Il capitano Boschi gli fece cenno di accomodarsi, senza staccare gli occhi dal rapporto che stava leggendo con aria perplessa.
– Deve farsi un giretto a Volterra, caro tenente – disse dopo un lungo istante di silenzio, durante il quale aveva continuato a sfogliare il rapporto. Lo porse a Spina e si accomodò meglio nella poltroncina girevole, percorrendo con un lento, annoiato sguardo circolare il soffitto e le pareti dell’ufficio. Non si sarebbe mai abituato, pensò Boschi con un mezzo sorriso ironico, a quella grande stanza in stile rinascimentale, che tutto sembrava tranne un ufficio della Benemerita. Del resto, la sede del Nucleo Tutela Patrimonio Culturale di Firenze, nel quale sia lui che Spina servivano da parecchi anni, si trovava proprio dentro Palazzo Pitti, a poche decine di metri da Ponte Vecchio, nel cuore del centro storico. I carabinieri della TPC dividevano il loro spazio con quello di prestigiosi musei, come la Galleria Palatina e quella d’Arte Moderna, e da alcune finestre si affacciavano sul cortile dell’Ammannati, dove campeggiava la famosa fontana del Carciofo. Un ambiente ideale, per un nucleo operativo che si occupava della repressione del furto e della ricettazione del patrimonio artistico-culturale.
– Volterra? – chiese l’altro, giusto per dire qualcosa mentre sfogliava rapidamente il rapporto, cercando di coglierne in pochi secondi gli elementi salienti. Dopo aver lavorato per anni con le migliaia di immagini di quadri, statue e reperti archeologici contenuti nel potente database del Comando TPC, aveva acquisito un certo spirito d’osservazione e un’ottima memoria visiva.
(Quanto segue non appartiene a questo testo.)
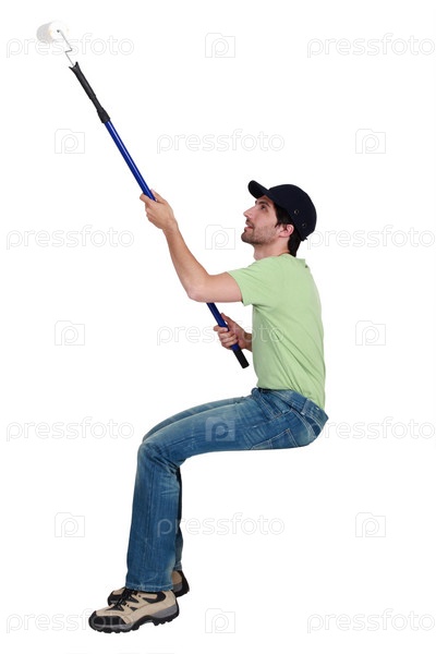 Мужчина красит стену валиком
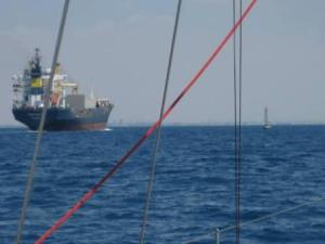 There are many anchorages on both sides of the Gulf of Suez and after our recent experiences of night sailing when the wind always seems to pick up we decide to anchor each night on the way to Port Suez.The anchorages are variable and we stayed on the west side for the first two nights. The first anchorage Endeavour Harbour was very scenic with desert meeting the sea but the next stop was less attractive we were near an oil rig of which there are many in the Gulf of Suez. The following morning we crossed the shipping channel and and suddenly there seemed to be lots of large vessels in the way. Of course they are still relatively close coming south as they all enter and therefore leave the Suez canal in convoy.
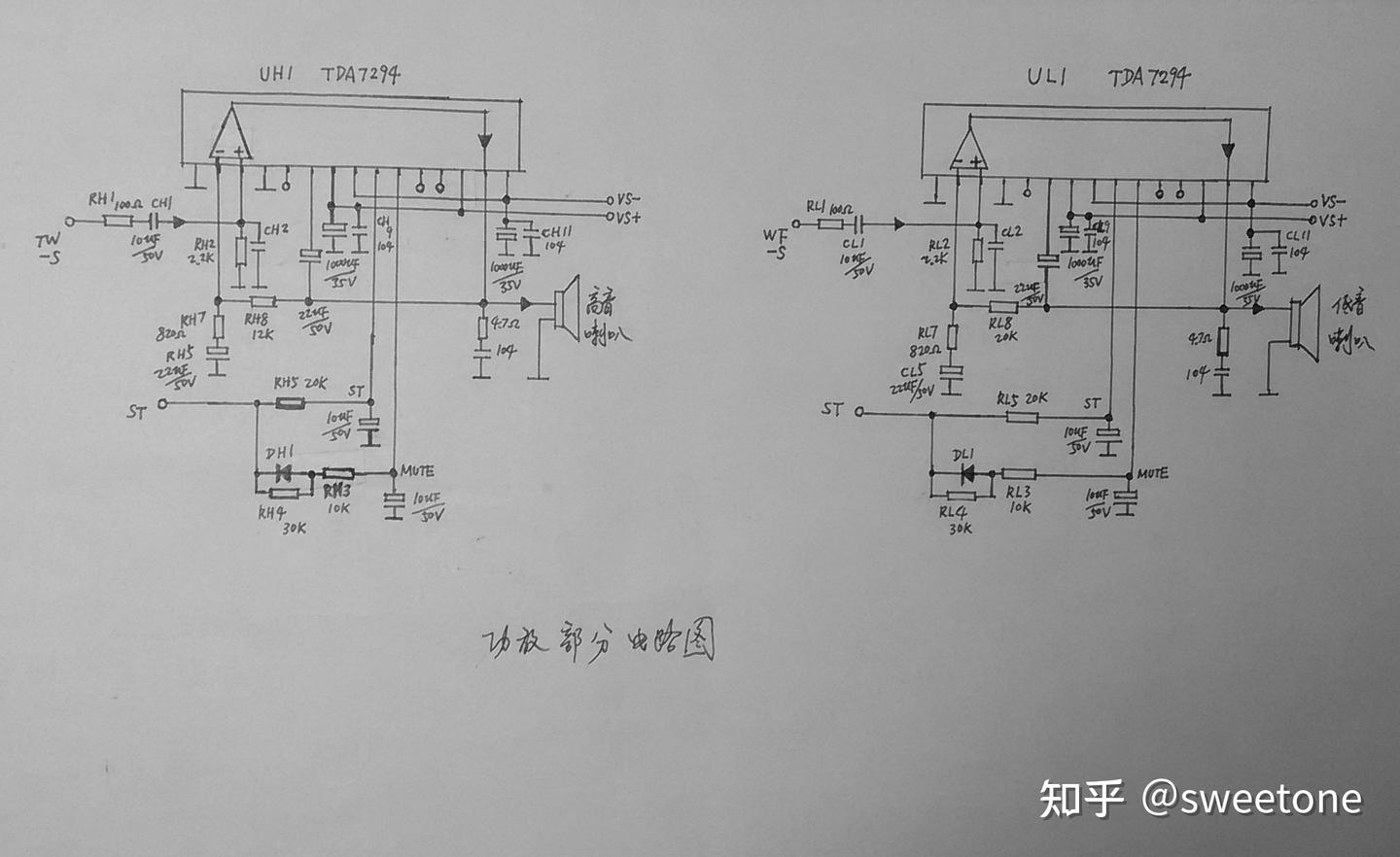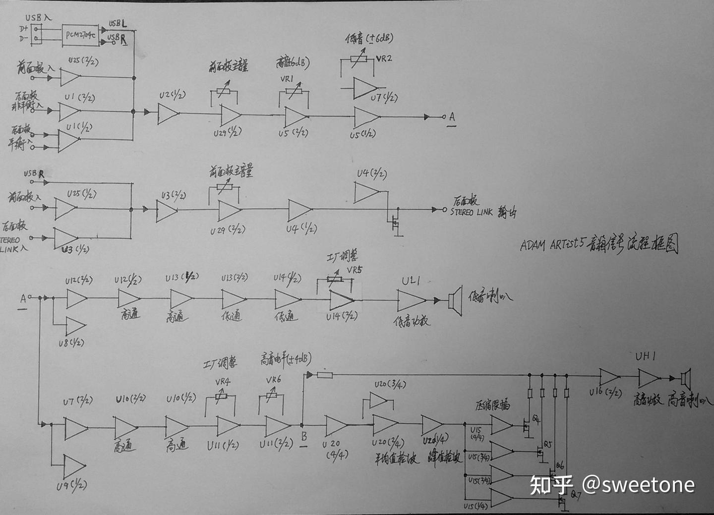 根据信号流程图,对音箱电路分几部分给予介绍。

– Così mi dicono dal Reparto Operativo di Roma – annuì Boschi. – Gli ordini provengono direttamente da Palazzetto Raguzzini, sezione Arte Contemporanea. Vogliono che lei faccia un sopralluogo urgente al complesso ospedaliero…
– All’ospedale di Volterra? – lo interruppe Spina, un attimo spiazzato. – Ah, ecco…– si riprese subito, continuando a scorrere il rapporto. – Si tratta della Biblioteca-Museo dedicata all’ex ospedale psichiatrico, ospitata in alcuni locali dell’attuale complesso ospedaliero. Qui leggo che hanno subito il furto, l’altro ieri, di alcune grandi foto che riproducevano…
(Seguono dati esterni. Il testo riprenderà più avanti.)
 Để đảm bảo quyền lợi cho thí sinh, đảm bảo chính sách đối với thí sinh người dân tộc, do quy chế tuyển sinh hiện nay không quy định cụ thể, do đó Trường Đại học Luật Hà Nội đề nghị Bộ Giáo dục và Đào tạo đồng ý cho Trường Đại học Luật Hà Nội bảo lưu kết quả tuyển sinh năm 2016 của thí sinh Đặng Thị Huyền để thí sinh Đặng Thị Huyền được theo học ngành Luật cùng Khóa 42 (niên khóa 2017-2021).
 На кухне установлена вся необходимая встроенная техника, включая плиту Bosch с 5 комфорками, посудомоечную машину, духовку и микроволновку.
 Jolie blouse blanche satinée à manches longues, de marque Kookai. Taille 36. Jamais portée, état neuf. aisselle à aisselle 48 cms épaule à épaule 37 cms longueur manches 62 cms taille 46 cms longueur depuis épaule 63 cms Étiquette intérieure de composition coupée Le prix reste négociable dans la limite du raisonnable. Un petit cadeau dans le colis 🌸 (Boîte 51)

– I graffiti incisi da un ricoverato su alcuni muri del manicomio, quando ancora funzionava… il manicomio, intendo, non il ricoverato – intervenne Boschi. – Siamo più o meno a metà del secolo scorso, come periodo. Nel rapporto ci sono solo vaghi accenni all’opera e al suo autore. Comunque all’epoca dovettero avere entrambi una certa risonanza, nel campo che allora si chiamava art brut o arte grezza, per usare un termine nostrano…
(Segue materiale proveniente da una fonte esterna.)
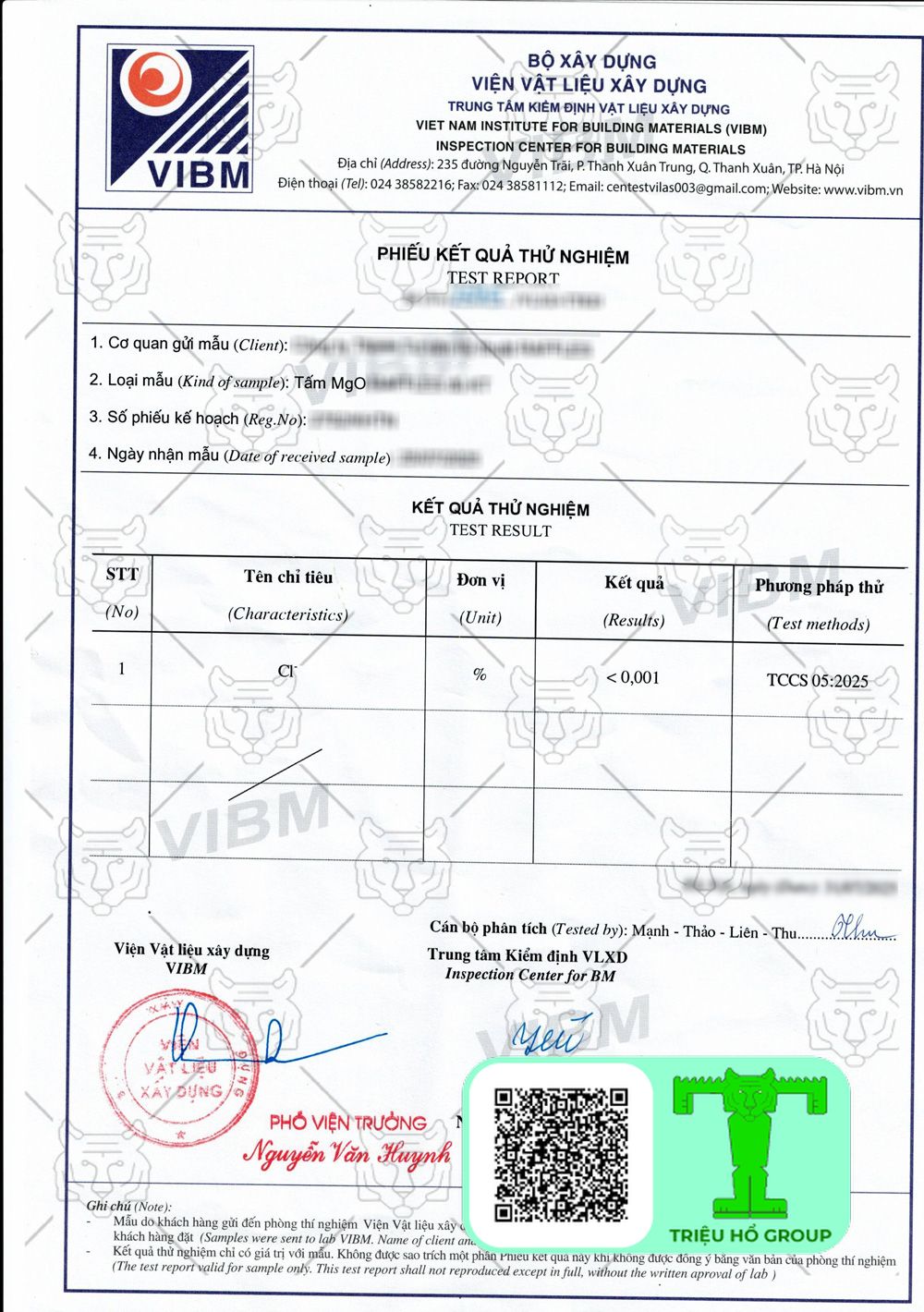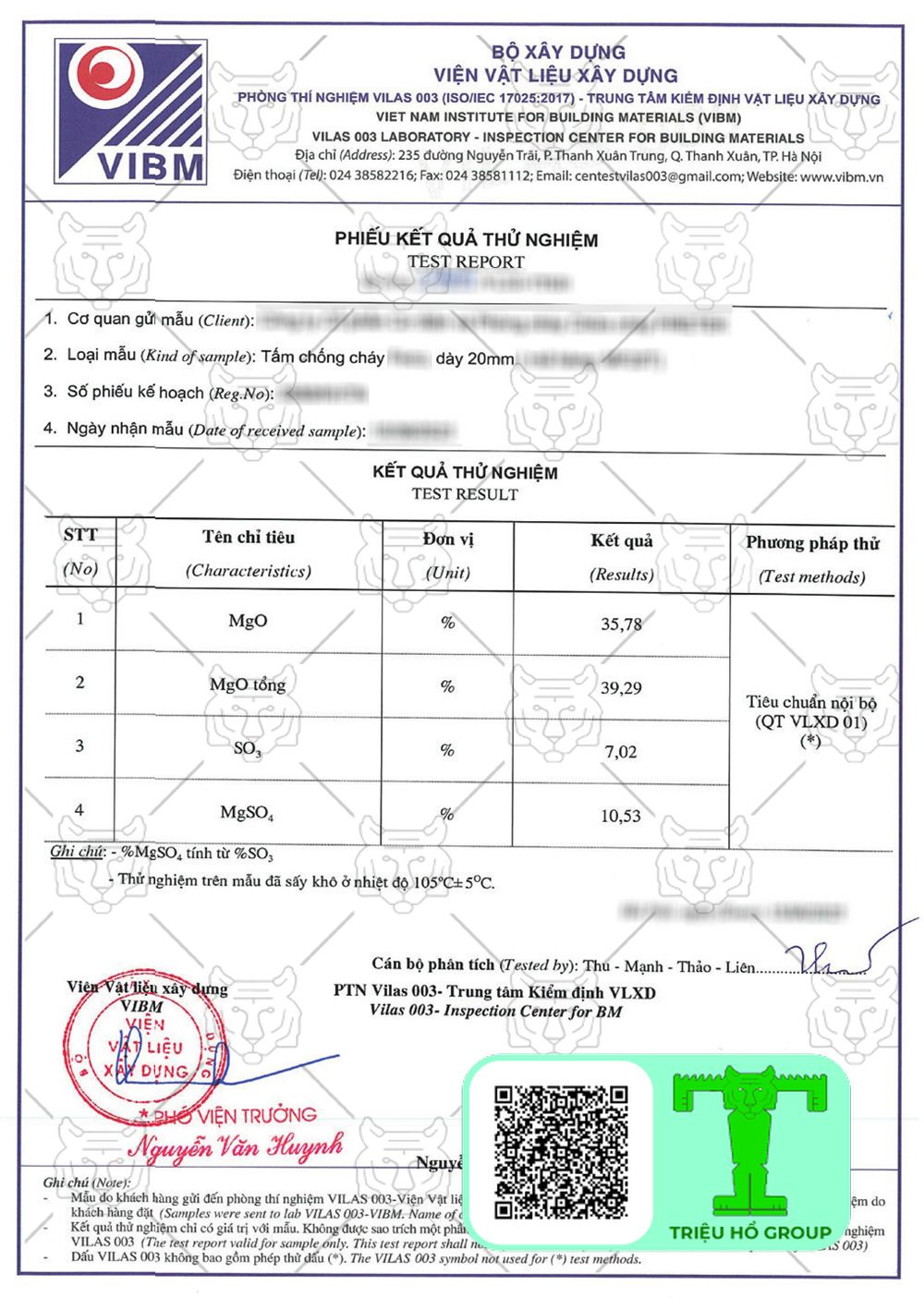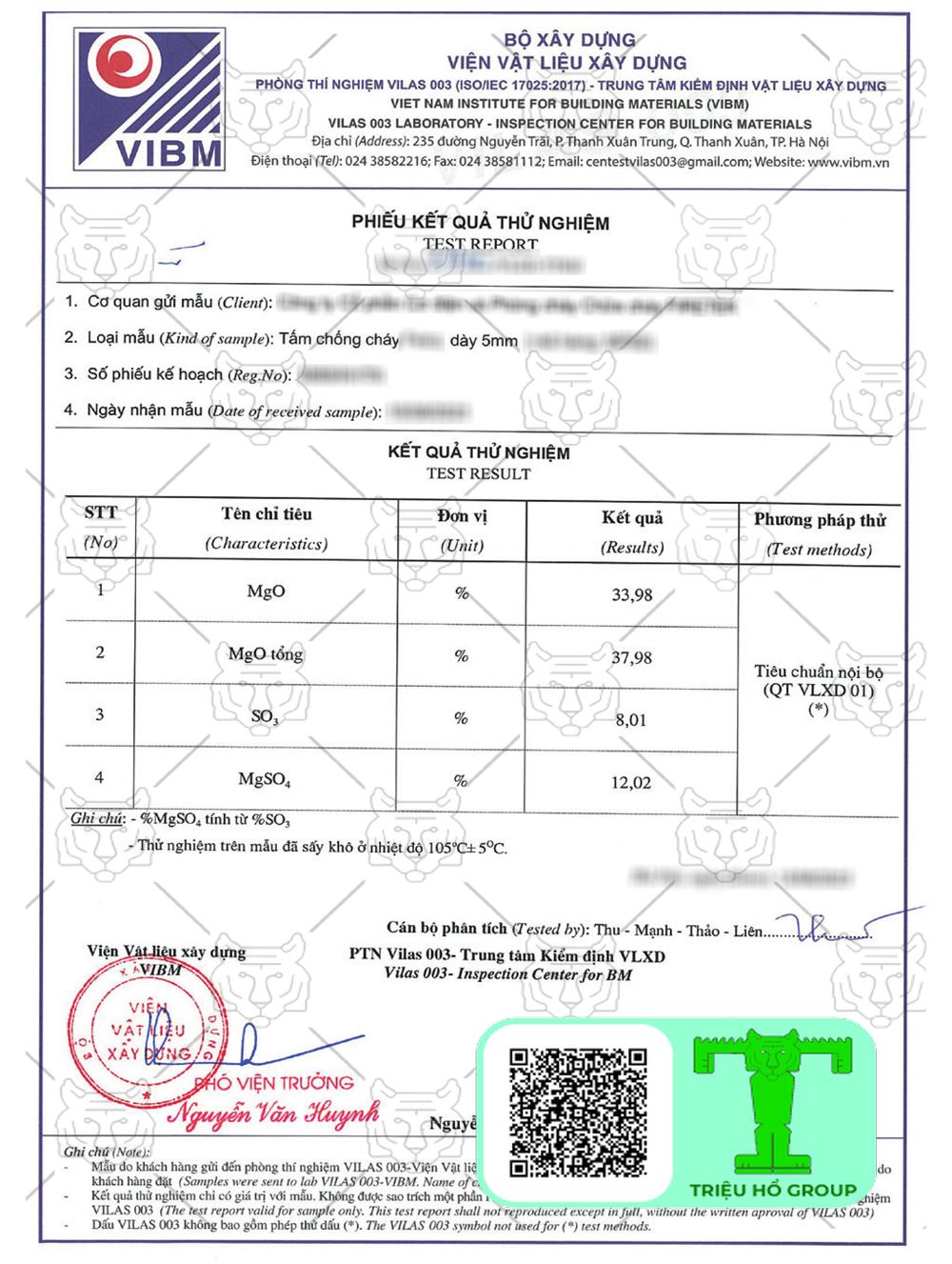 Chứng chỉ chất lượng tấm chống cháy MGO

– Tanto da essere calcati in silicone, oltre che fotografati, per essere esposti in un museo specializzato di Losanna – aggiunse Spina, tamburellando sulle pagine del rapporto che i suoi vivaci, intensi occhi neri percorrevano con attenzione. I capelli ricciuti e altrettanto scuri, il fisico asciutto dalla pelle olivastra tradivano, benché fosse nato a Firenze, le sue origini meridionali.
– È proprio questa, la cosa strana – riprese Boschi, che era invece fiorentino purosangue da generazioni anche se, come carabiniere, non si era mai sentito a proprio agio a Palazzo Pitti. – Come avrà appena letto nel rapporto, la Collection d’Art Brut di Losanna ha subìto il medesimo furto quasi contemporaneamente. Ora, già è bizzarro che qualcuno s’impegni a rubare, nell’ospedale di Volterra, riproduzioni di graffiti ormai scomparsi, di scarso o nullo valore commerciale sul mercato dei trafficanti d’arte. Ma che lo stesso furto sia avvenuto, quasi in contemporanea, nell’unico altro luogo al mondo che conservava il medesimo materiale… La questione diventa perlomeno… curiosa, non trova?
– Direi proprio di sì – annuì Spina, pensoso. – E le autorità elvetiche, che dicono?